- _WHAT IS REQUIRED_: Give the total number of lines in the data below that include "Take", and nothing else.

Segment Start: THE DATA

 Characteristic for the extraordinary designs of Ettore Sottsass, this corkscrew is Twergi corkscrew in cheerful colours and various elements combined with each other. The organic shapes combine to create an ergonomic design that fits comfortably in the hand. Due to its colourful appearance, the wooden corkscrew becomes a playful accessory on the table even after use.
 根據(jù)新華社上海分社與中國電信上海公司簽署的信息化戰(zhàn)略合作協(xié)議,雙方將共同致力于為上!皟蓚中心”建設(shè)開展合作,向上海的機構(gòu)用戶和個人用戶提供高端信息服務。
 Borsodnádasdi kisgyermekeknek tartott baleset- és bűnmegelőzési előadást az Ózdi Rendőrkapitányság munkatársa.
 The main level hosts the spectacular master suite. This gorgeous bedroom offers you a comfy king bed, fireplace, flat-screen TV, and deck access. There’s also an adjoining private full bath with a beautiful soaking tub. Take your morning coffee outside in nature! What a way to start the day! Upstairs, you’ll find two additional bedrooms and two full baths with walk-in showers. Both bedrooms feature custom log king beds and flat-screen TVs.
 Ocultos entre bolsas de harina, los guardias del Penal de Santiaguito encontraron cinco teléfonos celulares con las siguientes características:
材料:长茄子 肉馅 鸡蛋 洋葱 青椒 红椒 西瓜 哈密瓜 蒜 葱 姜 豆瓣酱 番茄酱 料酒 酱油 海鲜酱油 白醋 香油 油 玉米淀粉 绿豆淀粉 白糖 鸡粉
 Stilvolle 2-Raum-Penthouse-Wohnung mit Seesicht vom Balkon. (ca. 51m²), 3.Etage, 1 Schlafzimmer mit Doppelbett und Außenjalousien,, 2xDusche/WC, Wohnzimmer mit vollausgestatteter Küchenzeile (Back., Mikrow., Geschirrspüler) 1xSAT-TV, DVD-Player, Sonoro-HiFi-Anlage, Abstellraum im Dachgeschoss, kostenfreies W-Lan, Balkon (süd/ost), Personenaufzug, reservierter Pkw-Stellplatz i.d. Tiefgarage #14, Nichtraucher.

Segment End: THE DATA
Segment Start: THE DATA

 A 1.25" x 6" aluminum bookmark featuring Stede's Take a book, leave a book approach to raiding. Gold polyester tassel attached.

Segment End: THE DATA
Segment Start: THE DATA

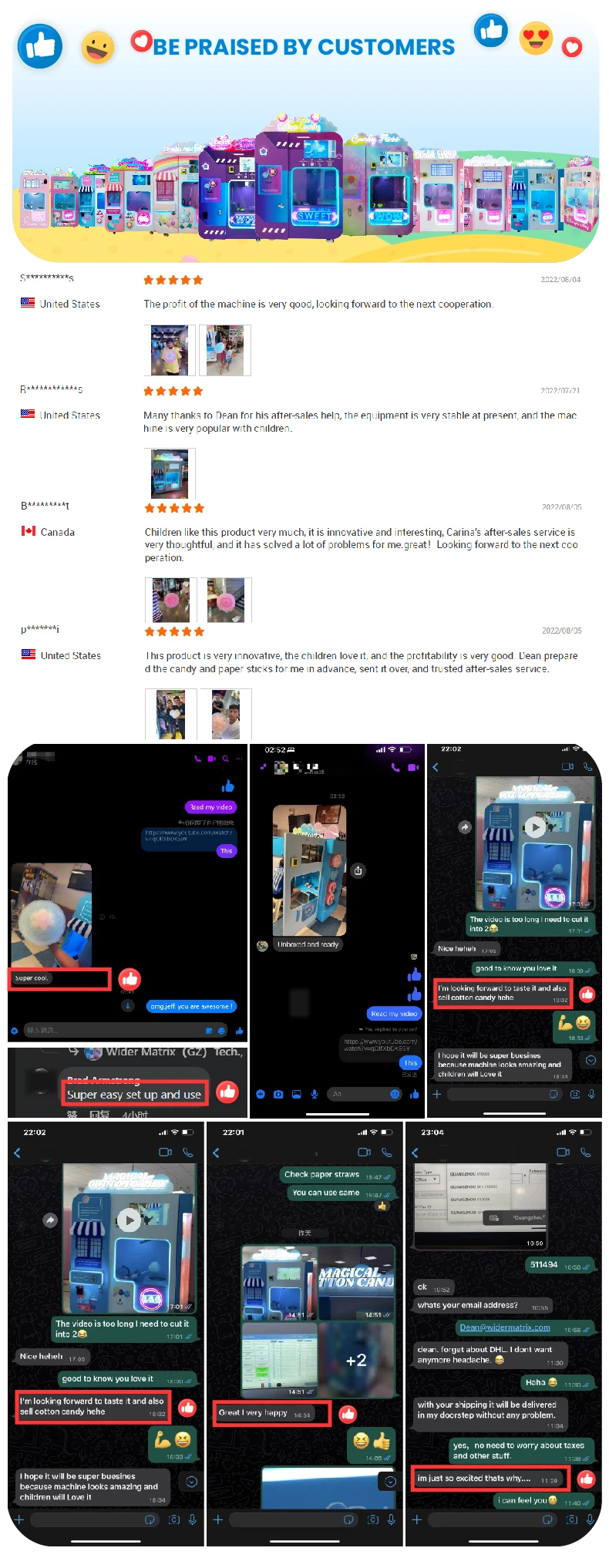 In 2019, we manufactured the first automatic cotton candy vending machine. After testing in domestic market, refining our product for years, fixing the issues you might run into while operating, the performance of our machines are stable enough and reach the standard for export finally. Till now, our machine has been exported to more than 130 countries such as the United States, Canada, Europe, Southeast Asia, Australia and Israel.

Segment End: THE DATA

- _ANSWER BOX_: 2